▶ Exercise goal
Skip pictures in the listing below; copy exactly the lines from the one with "Modul TBSM Kelas" through the one with "SURABAYAPAGI.COM, Lamongan - Dengan", inclusive.

▶ Material to process
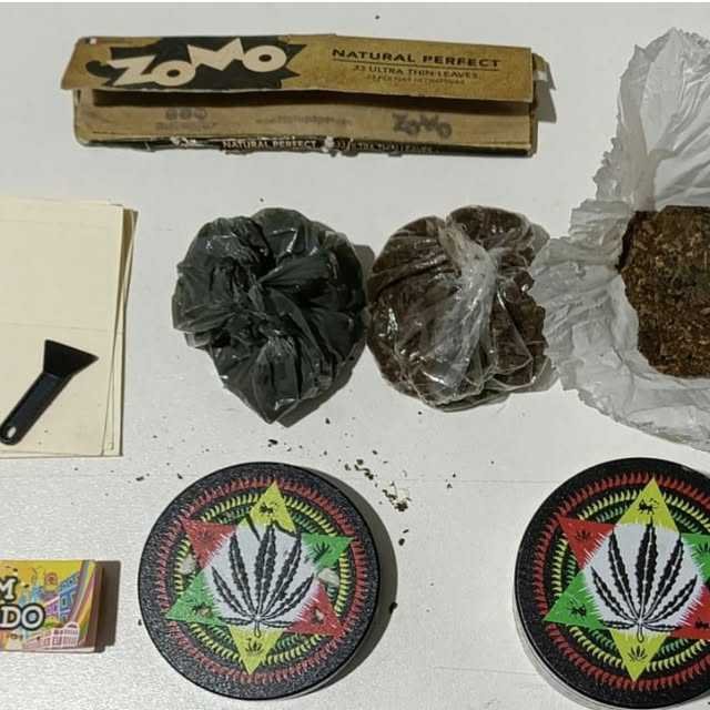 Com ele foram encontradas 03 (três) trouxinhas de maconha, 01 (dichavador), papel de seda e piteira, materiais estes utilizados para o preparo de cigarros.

---

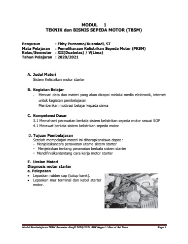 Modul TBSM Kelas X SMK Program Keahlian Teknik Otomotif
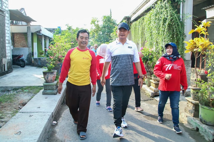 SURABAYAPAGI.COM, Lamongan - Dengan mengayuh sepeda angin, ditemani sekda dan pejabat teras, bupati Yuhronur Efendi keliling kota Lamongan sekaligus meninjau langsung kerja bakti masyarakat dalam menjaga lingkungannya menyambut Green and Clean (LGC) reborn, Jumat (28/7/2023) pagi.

▶ Exercise response
 Modul TBSM Kelas X SMK Program Keahlian Teknik Otomotif
 SURABAYAPAGI.COM, Lamongan - Dengan mengayuh sepeda angin, ditemani sekda dan pejabat teras, bupati Yuhronur Efendi keliling kota Lamongan sekaligus meninjau langsung kerja bakti masyarakat dalam menjaga lingkungannya menyambut Green and Clean (LGC) reborn, Jumat (28/7/2023) pagi.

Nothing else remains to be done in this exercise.